▶ Task instructions: Below are records to write out exactly; drop the pictures when you do.

▶ Available records:
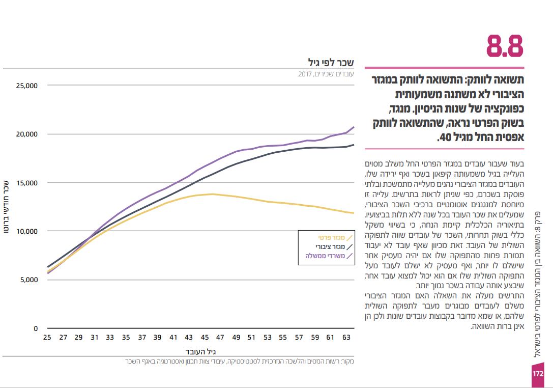 אחרי נתונים כאלו לא קשה להבין שהעובדים החרדים צעירים בגיל ובוותק בצורה קיצונית בהשוואה לציבור הכללי, וממילא בניסיון בעבודה, והתמקצעות וכדומה, וממילא בגובה השכר…
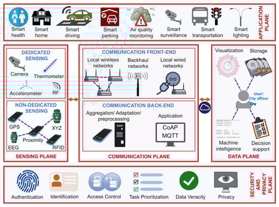 Smart city architecture defined in five planes: application (connects city and citizens), sensing (sensors measurements), communication (cloud services), data (processing and analysis) and security and privacy planes (assurance of security and privacy) [85].
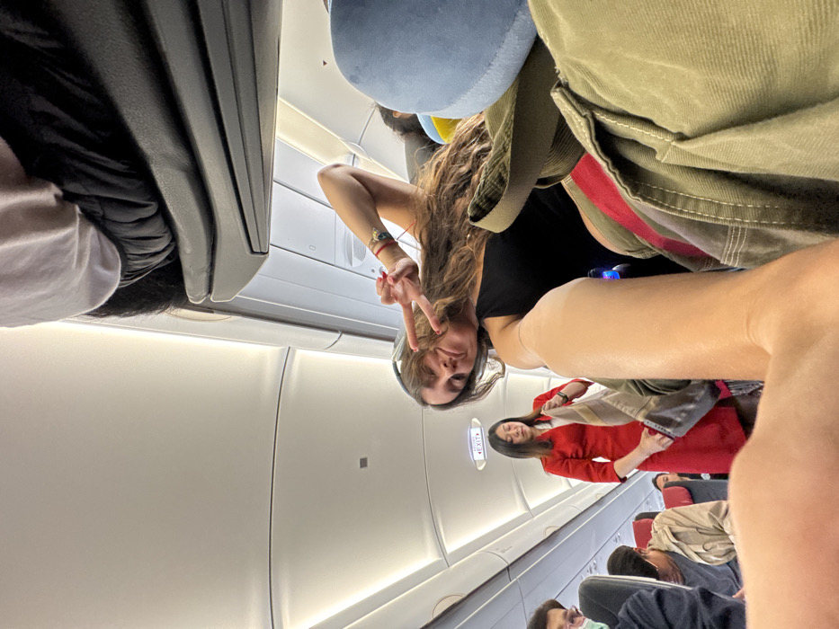 interior of an airplane cabin, where a woman is taking a selfie. She is wearing headphones and making a peace sign with her fingers. There is a flight attendant in a red uniform visible in the aisle. The cabin is filled with passengers seated, some of whom are wearing masks. Overhead bins and the plane's ceiling are also visible.
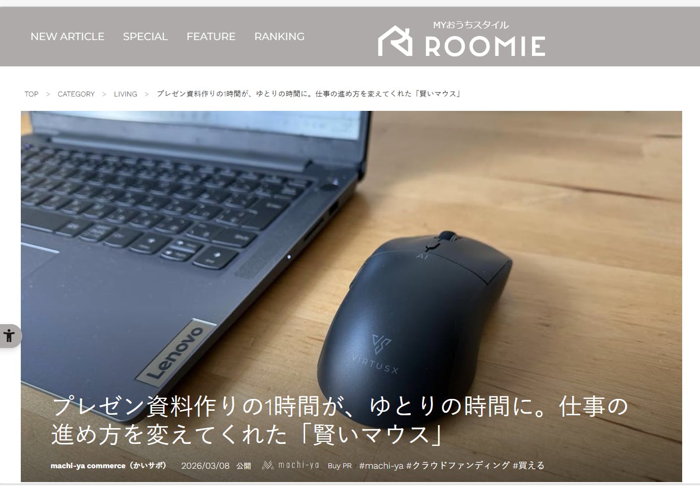 この度、ライフスタイルメディア ROOMIE(ルーミー) にてVirtusx Jethro V1 AIマウスのレビュー記事が公開されました。
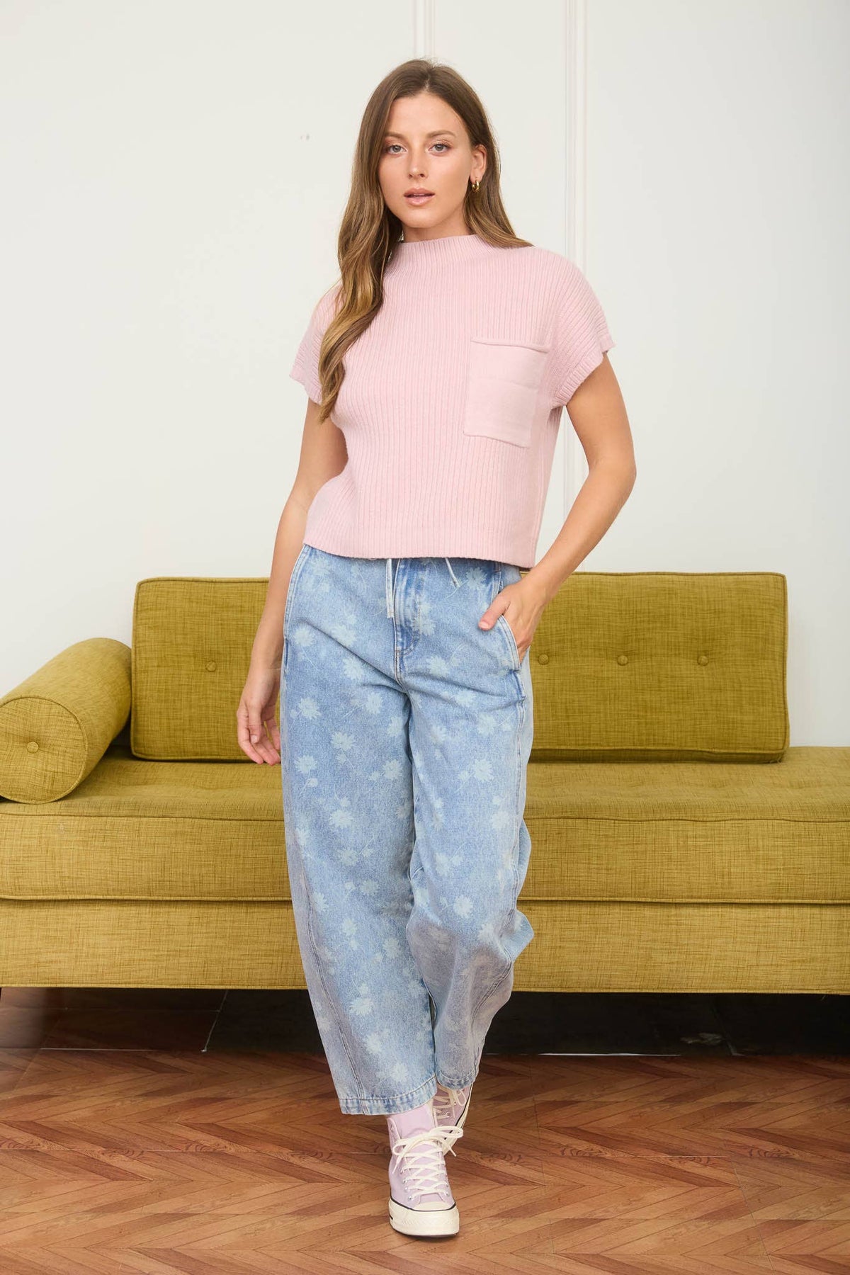 Shelley Mock Neck Short Sleeve Knit Sweater - Pink

▶ Answer space:
 אחרי נתונים כאלו לא קשה להבין שהעובדים החרדים צעירים בגיל ובוותק בצורה קיצונית בהשוואה לציבור הכללי, וממילא בניסיון בעבודה, והתמקצעות וכדומה, וממילא בגובה השכר…
 Smart city architecture defined in five planes: application (connects city and citizens), sensing (sensors measurements), communication (cloud services), data (processing and analysis) and security and privacy planes (assurance of security and privacy) [85].
 interior of an airplane cabin, where a woman is taking a selfie. She is wearing headphones and making a peace sign with her fingers. There is a flight attendant in a red uniform visible in the aisle. The cabin is filled with passengers seated, some of whom are wearing masks. Overhead bins and the plane's ceiling are also visible.
 この度、ライフスタイルメディア ROOMIE(ルーミー) にてVirtusx Jethro V1 AIマウスのレビュー記事が公開されました。
 Shelley Mock Neck Short Sleeve Knit Sweater - Pink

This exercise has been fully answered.